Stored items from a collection
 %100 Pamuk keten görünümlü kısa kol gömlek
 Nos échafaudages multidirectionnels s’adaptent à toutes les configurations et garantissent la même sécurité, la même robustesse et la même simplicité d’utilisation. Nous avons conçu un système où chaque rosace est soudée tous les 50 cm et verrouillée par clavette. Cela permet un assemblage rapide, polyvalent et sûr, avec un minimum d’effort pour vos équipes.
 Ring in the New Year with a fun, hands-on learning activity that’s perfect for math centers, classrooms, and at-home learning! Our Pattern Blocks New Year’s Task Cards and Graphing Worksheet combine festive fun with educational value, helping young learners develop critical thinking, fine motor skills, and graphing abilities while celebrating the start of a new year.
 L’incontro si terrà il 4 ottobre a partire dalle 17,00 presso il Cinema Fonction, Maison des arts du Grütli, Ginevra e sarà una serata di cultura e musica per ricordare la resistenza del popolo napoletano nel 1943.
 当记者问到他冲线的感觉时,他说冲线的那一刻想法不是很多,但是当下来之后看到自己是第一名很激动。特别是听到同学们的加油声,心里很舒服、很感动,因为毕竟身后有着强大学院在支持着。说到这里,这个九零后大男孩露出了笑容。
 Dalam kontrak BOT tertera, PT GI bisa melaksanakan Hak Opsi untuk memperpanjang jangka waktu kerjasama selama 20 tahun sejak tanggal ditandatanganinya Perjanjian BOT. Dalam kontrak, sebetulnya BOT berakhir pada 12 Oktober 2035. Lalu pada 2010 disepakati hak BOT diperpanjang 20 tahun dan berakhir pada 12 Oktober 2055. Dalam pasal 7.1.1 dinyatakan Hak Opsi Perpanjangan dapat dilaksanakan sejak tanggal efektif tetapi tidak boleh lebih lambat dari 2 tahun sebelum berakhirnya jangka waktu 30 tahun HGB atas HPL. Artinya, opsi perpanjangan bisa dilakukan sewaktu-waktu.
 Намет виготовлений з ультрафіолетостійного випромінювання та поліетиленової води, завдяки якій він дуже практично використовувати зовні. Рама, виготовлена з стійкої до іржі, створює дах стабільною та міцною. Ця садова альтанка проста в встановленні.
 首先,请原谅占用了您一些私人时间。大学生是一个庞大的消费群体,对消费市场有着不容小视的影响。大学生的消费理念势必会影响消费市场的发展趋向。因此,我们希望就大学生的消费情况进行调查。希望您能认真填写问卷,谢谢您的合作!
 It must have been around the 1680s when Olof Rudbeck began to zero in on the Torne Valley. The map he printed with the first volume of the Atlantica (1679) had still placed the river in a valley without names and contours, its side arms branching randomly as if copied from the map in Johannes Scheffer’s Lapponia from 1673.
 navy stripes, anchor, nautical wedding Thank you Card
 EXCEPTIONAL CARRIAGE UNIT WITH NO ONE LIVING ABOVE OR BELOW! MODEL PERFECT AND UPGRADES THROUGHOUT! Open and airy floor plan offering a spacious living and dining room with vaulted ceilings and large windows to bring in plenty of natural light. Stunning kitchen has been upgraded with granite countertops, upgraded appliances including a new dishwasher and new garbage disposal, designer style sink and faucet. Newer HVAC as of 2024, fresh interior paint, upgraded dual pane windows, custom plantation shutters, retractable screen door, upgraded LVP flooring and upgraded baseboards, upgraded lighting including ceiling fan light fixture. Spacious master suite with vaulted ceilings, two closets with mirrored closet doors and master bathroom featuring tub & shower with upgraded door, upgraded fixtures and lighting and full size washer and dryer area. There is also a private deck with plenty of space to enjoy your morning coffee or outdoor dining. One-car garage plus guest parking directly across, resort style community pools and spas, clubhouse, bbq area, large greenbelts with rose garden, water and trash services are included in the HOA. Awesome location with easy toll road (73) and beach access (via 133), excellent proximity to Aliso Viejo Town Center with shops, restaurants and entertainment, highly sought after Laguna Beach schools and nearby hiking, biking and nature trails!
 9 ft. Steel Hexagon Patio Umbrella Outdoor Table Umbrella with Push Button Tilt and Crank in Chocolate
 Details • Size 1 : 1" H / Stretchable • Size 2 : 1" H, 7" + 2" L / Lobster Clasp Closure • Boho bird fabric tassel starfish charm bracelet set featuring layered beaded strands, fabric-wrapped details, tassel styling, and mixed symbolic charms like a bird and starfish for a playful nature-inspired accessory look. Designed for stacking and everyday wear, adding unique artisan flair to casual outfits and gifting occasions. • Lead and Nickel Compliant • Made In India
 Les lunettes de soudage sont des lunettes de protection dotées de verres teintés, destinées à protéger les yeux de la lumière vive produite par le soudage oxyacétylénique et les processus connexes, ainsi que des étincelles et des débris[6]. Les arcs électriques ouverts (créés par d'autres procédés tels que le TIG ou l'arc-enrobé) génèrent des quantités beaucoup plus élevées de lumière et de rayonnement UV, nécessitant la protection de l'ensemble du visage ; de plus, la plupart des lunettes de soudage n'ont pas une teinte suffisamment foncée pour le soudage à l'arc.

**Problem to work on**
An exact, complete copy of the lines above from the one with "It must have" through the one with "navy stripes, anchor, nautical" is the whole answer.

**Problem solution**
 It must have been around the 1680s when Olof Rudbeck began to zero in on the Torne Valley. The map he printed with the first volume of the Atlantica (1679) had still placed the river in a valley without names and contours, its side arms branching randomly as if copied from the map in Johannes Scheffer’s Lapponia from 1673.
 navy stripes, anchor, nautical wedding Thank you Card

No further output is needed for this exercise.